Word 7: TMC count of falling edge at input 2 (FE2); same format as FE1.

Word 8: TMC count of rising edge at input 3 (RE3); same format as RE1.

Word 9: TMC count of falling edge at input 3 (FE3); same format as FE1.

1 24.00 ns if the CPLD clock is exactly 41666666.67 Hz. The actual CPLD frequency of each card is usually tuned within 30 Hz of the target frequency of 41666667 Hz.

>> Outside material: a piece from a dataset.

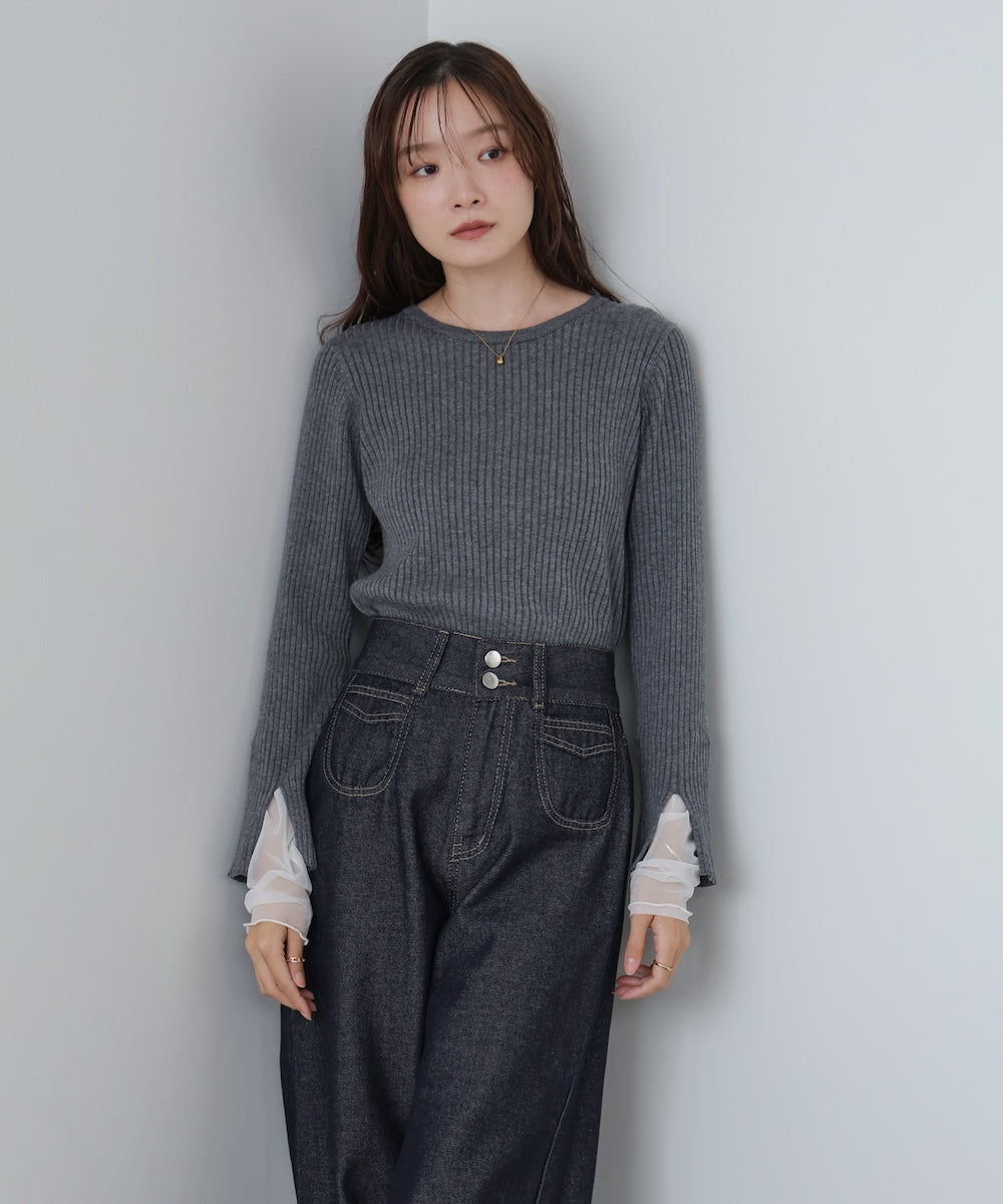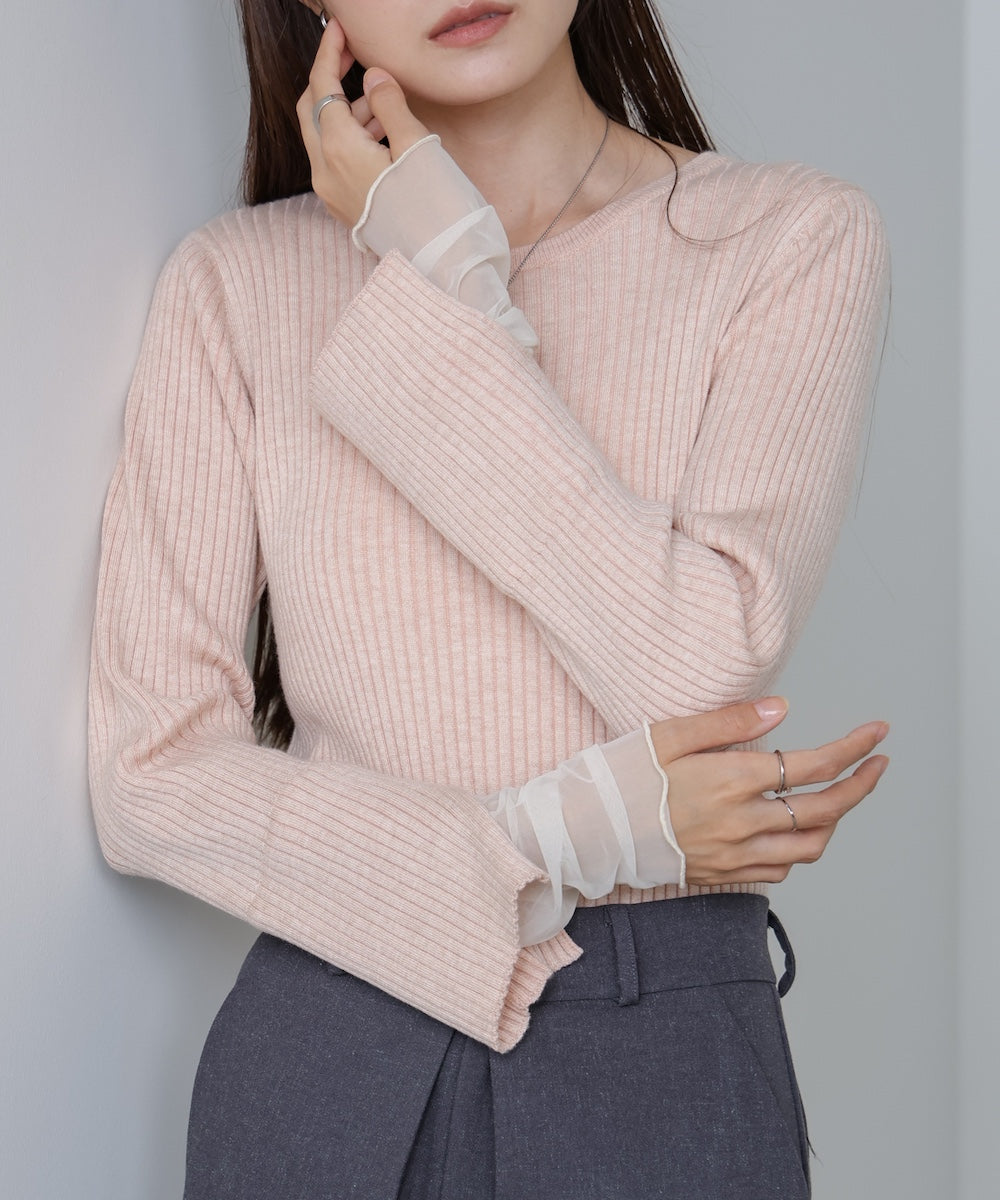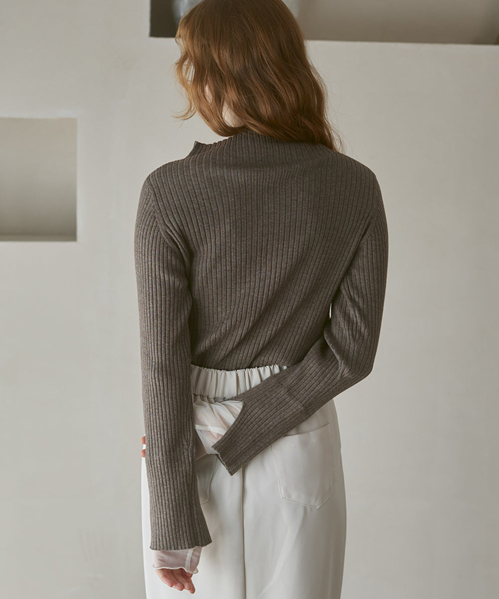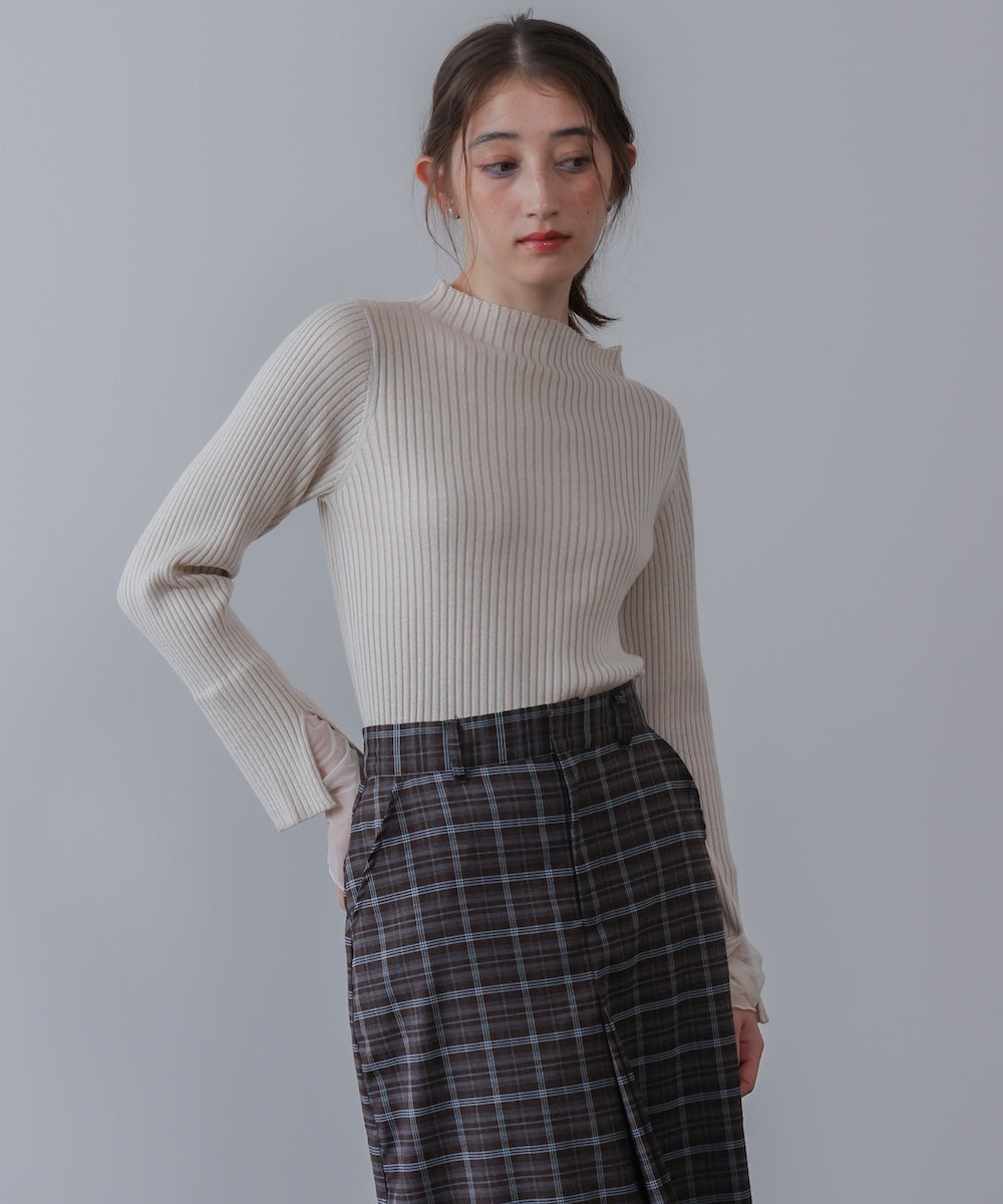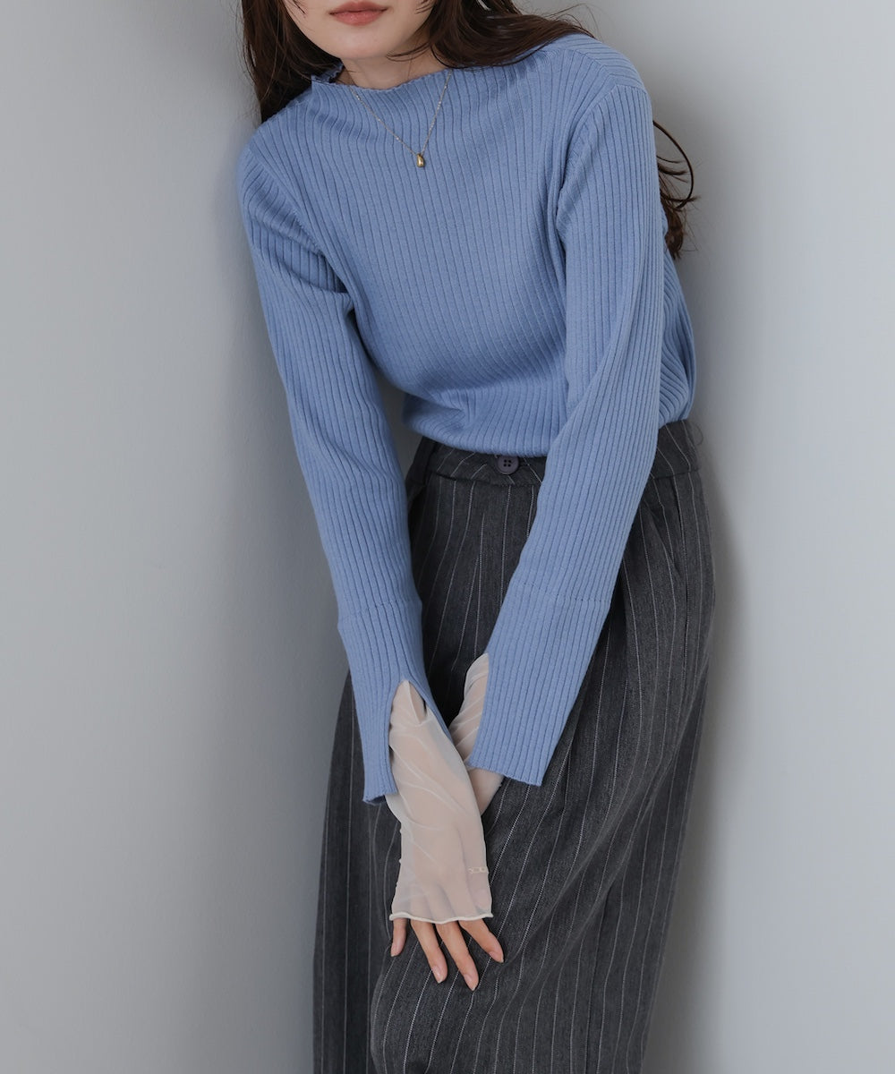繊細なチュールを重ねた袖デザインが印象的なチュールレイヤードリブニット。リブ編みのすっきりとしたシルエットに、ふんわりと重なるチュールが女性らしい抜け感をプラス。首元はボートネックとハイネックの2種類から選べるので、シーンやスタイルに合わせて印象を変えられるのも魅力です。程よい厚みのあるニット素材にチュールを組み合わせ、華やかさと着心地の良さを両立。デイリーから特別なお出かけまで、幅広く活躍してくれる大人フェミニンな一枚です。

Generally, an Hz drift from the target CPLD frequency result in accuracy errors of up to n*24 ns. For example, a 30 Hz drift means that the accuracy time error has a range of 720 ns if exactly 24.00 ns are assumed for a CPLD clock tick time. It is reasonable to assume that an error within 1000 ns is acceptable for a school network if the schools are more than 1 mile apart from each other.

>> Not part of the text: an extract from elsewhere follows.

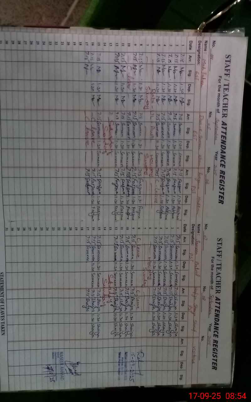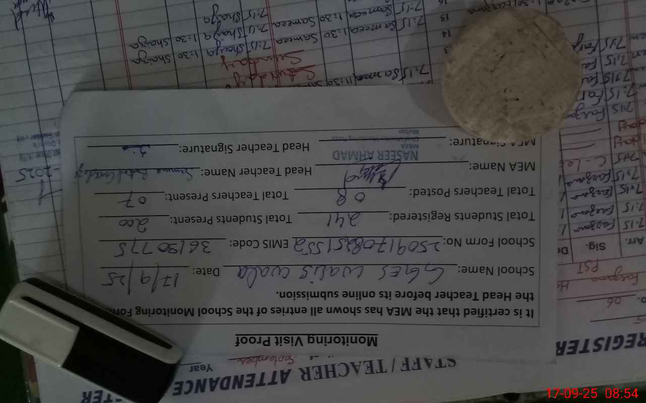 | Attendance Register | Head Teacher | MEA with School | Visit Proof |
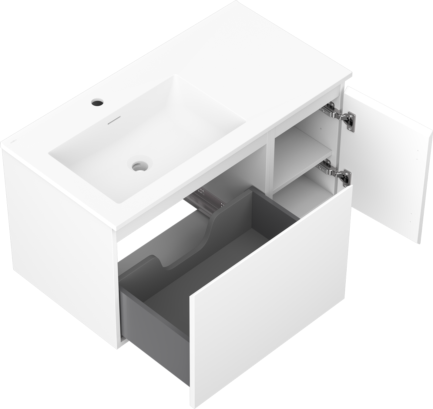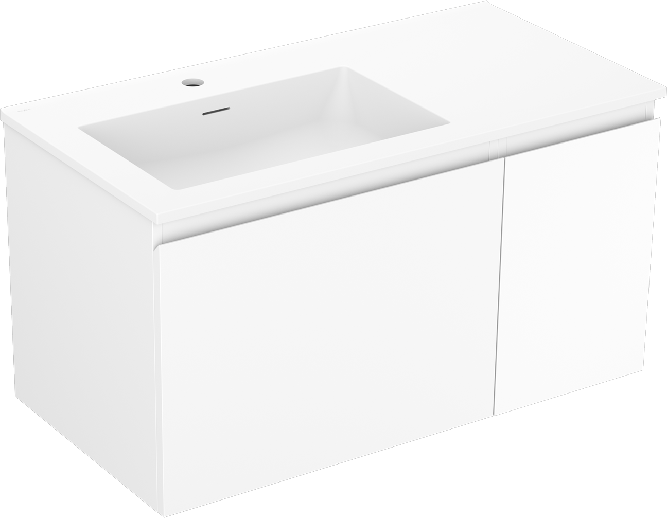 Mexen Orio vonios kambario spintelė 90 cm su Otis kairine kriaukle, 1S, 1D, balta matinė - 91A13-09047-3-BBFF01-W18L01

The CPLD clock frequency fluctuates slightly over time, de-pending on temperature changes and oscillator ageing drifts. Therefore, in order to achieve high accuracy (50 ns) in computing the absolute trigger times, you need to poll the current CPLD frequency at a regular basis (say once every 5 minutes) with command DG (Display GPS data). If the event rate is high enough (at least 1 event per 100 seconds), the CPLD frequency can be computed from the 1PPS counter numbers of consecutive events.

Word 10: A 32-bit CPLD count of the most recent 1PPS (1 pulse per second) time mark from the GPS receiver. This hex word ranges from 00000000...FFFFFFFF and has a resolution of 24 ns just like word 1

Word 11: UTC time of most recent GPS re-ceiver data update. Although one update is sent each second, it is asynchronous with the 1PPS pulse. The format used is shown below:

HHMMSS.mmm
where: HH = hour [00...23]
MM = minute [00...59]
SS = second [00...59]
mmm = millisecond [000...999]

Word 12: UTC date of most recent GPS re-ceiver data update. The format used is shown below:

ddmmyy
where: dd = day of month [01...31]
mm = month [01...12]
yy = year [00...99]
e.g. 03=2003]

Word 13: A GPS valid/invalid flag.
A = valid (GPS data OK),
V = invalid (insufficient satellite lock for 3-D positioning, or GPS receiver is in initializing phase); time data might be OK if number of GPS satellites is 3 or more and previous GPS status was "A" (valid) within the last minute.

Word 14: The number of GPS satellites visible for time and position information. This is a decimal number between 00...12.

Word 15: This hex word is a DAQ status flag. The format used is shown below:

bit 0: 0 = OK
1 = 1PPS interrupt pending (Warning flag: If DAQ card is busy, then 1PPS count might lag be-hind or get mismatched.)
bit 1: 0 = OK
1 = trigger interrupt pending (pos-sibly high trigger rate; if con-tinues, then data might be cor-rupted.)
bit 2: 0 = OK
1 = GPS data possibly corrupted while DAQ uC was/is busy.
bit 3: 0 = OK
1 = Current or last 1PPS rate is not within 41666666 50 CPLD clock tick.s (This is a result of a GPS glitch, the DAQ uC being busy, or the CPLD oscillator not tuned correctly.)

Word 16: The time delay in milliseconds between the 1PPS pulse and the GPS data interrupt. A positive number means 1PPS pulse is ahead of GPS data, and negative number means GPS data is ahead of 1PPS. To get the actual GPS time to the nearest second, round (word 11 + word 16/1000) to nearest full second. This gives the actual GPS time at the last 1PPS pulse. (The same uncertainty comments apply here as in word 1.)